Grant invoke permissions #
Add the highlighted lines to lib/hitcounter.ts:
import { Construct } from "constructs";
import {
Code,
LambdaFunction,
IFunction,
Runtime,
} from "terraconstructs/lib/aws/compute";
import { AttributeType, Table } from "terraconstructs/lib/aws/storage";
export interface HitCounterProps {
/** the function for which we want to count url hits **/
downstream: IFunction;
}
export class HitCounter extends Construct {
/** allows accessing the counter function */
public readonly handler: LambdaFunction;
constructor(scope: Construct, id: string, props: HitCounterProps) {
super(scope, id);
const table = new Table(this, "Hits", {
partitionKey: { name: "path", type: AttributeType.STRING },
});
this.handler = new LambdaFunction(this, "HitCounterHandler", {
runtime: Runtime.NODEJS_22_X,
handler: "hitcounter.handler",
code: Code.fromAsset("lambda"),
environment: {
DOWNSTREAM_FUNCTION_NAME: props.downstream.functionName,
HITS_TABLE_NAME: table.tableName,
},
});
// grant the lambda role read/write permissions to our table
table.grantReadWriteData(this.handler);
// grant the lambda role invoke permissions to the downstream function
props.downstream.grantInvoke(this.handler);
}
}Diff #
You can check what this did using cdktf diff:
cdktf diff
The aws_iam_role_policy section should look something like this, which shows the IAM statement was added to the role:
cdk-workshop # aws_iam_role_policy.HelloHitCounter_HitCounterHandler_ServiceRole_DefaultPolicy_ResourceRoles0_B630511F (HelloHitCounter/HitCounterHandler/ServiceRole/DefaultPolicy/ResourceRoles0) will be updated in-place
~ resource "aws_iam_role_policy" "HelloHitCounter_HitCounterHandler_ServiceRole_DefaultPolicy_ResourceRoles0_B630511F" {
id = "cdk-workshop-dev-cdrHandlerServiceRole20250715042121401600000001:cdkworkshopHelloHitCounterHitCounterHandlerServiceRoleDefaultPolicy688F79E1"

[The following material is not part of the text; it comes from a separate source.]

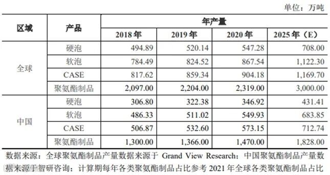 2020年全球聚氨酯制品产量约2,319万吨,其中中国聚氨酯制品产量约1,470万吨。根据预测,到2025年,全球及中国聚氨酯制品产量如下:

name = "cdkworkshopHelloHitCounterHitCounterHandlerServiceRoleDefaultPolicy688F79E1"
~ policy = jsonencode(
~ {
~ Statement = [
# (1 unchanged element hidden)
{
Action = [
"dynamodb:UpdateItem",
"dynamodb:Scan",
"dynamodb:Query",
"dynamodb:PutItem",
"dynamodb:GetShardIterator",
"dynamodb:GetRecords",
"dynamodb:GetItem",
"dynamodb:DescribeTable",
"dynamodb:DeleteItem",
"dynamodb:ConditionCheckItem",
"dynamodb:BatchWriteItem",
"dynamodb:BatchGetItem",
]
Effect = "Allow"
Resource = "arn:aws:dynamodb:us-east-1:694710432912:table/cdkworkshopHelloHitCounterHitsF0859462"
},
+ {
+ Action = "lambda:InvokeFunction"
+ Effect = "Allow"
+ Resource = [
+ "arn:aws:lambda:us-east-1:694710432912:function:cdk-workshop-dev-cdorkshopHelloHandler",
+ "arn:aws:apigateway:us-east-1:lambda:path/2015-03-31/functions/arn:aws:lambda:us-east-1:694710432912:function:cdk-workshop-dev-cdorkshopHelloHandler:$LATEST/invocations",
]
},
]
# (1 unchanged attribute hidden)
}
)
# (2 unchanged attributes hidden)
}
Plan: 0 to add, 1 to change, 0 to destroy.
Which is exactly what we wanted.
Deploy #
Okay… let’s give this another shot:
cdktf deploy
Then hit your endpoint with curl or with your web browser:
curl -i https://xxxxxxxxxx.execute-api.us-east-1.amazonaws.com/prod/
Output should look like this:
HTTP/2 200 OK
...
Hello, CDK! You've hit /
If you still get 5xx, give it a few seconds and try again. Sometimes IAM Policy changes take time to propagate or API Gateway takes a little bit to “flip” the endpoint to use the new deployment.